#### What the task asks
Task for the records below: repeat the line containing "Figure 3. CT" and every line after it, exactly and with nothing else, but leave out the pictures.

*** Dataset records Section Begins ***

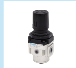
10. AF2000-03 Air regulator
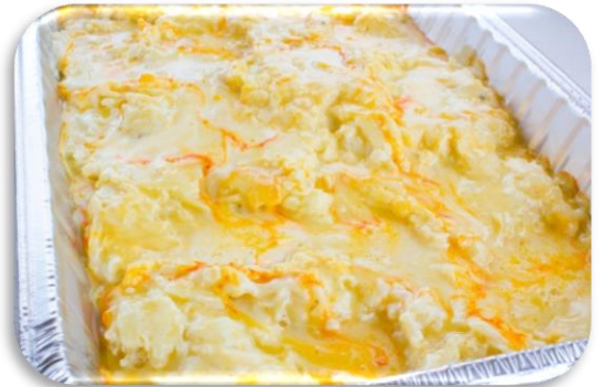
Cheesy Crème Brule Potatoes
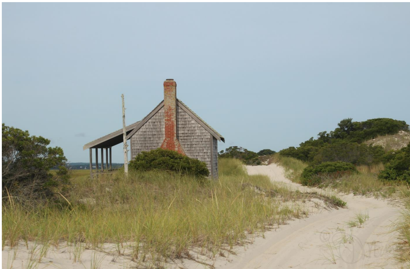
Sandy Neck Back Trail

From South: Take Route 25 to 495 North. Take exit 4 (Route 105) Lakeville. At the bottom of the ramp, take a right onto Route 105 (S. Main St). Follow to the light at Route 28 (W Grove St) then take a left at light. Turn onto Elm St. on the right. The Mitchell Memorial Club is immediately on the left. Please park in the lower lot. Our meeting is up the stairs from the back door.
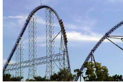
Millennium Force at Cedar Point
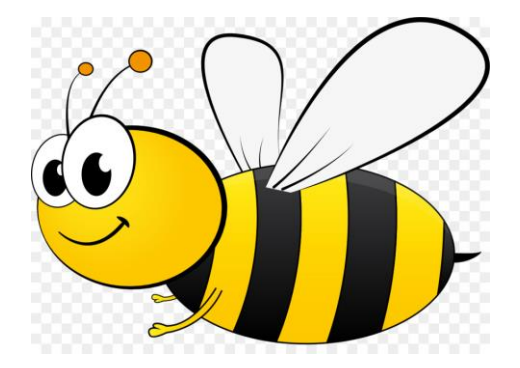
Looking for the nearest bee hotel!

Updates on what the KRA are up to and issues affecting your village.
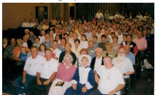
1999 – Nauvoo, Illinois
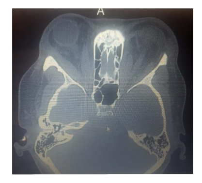
Figure 3. CT imaging identifying enlarged extraocular muscles and proptosis.
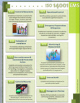
Art No : A021 ISO 14001 Requirements S$16 / set
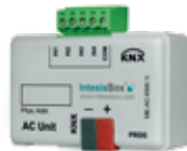
ME-AC-KNX-1i Domestic, Mr.Slim & City Multi lines to KNX 1 I.U. with Binary Inputs

*** Dataset records Section Ends ***

#### Output of the task
Figure 3. CT imaging identifying enlarged extraocular muscles and proptosis.
Art No : A021 ISO 14001 Requirements S$16 / set
ME-AC-KNX-1i Domestic, Mr.Slim & City Multi lines to KNX 1 I.U. with Binary Inputs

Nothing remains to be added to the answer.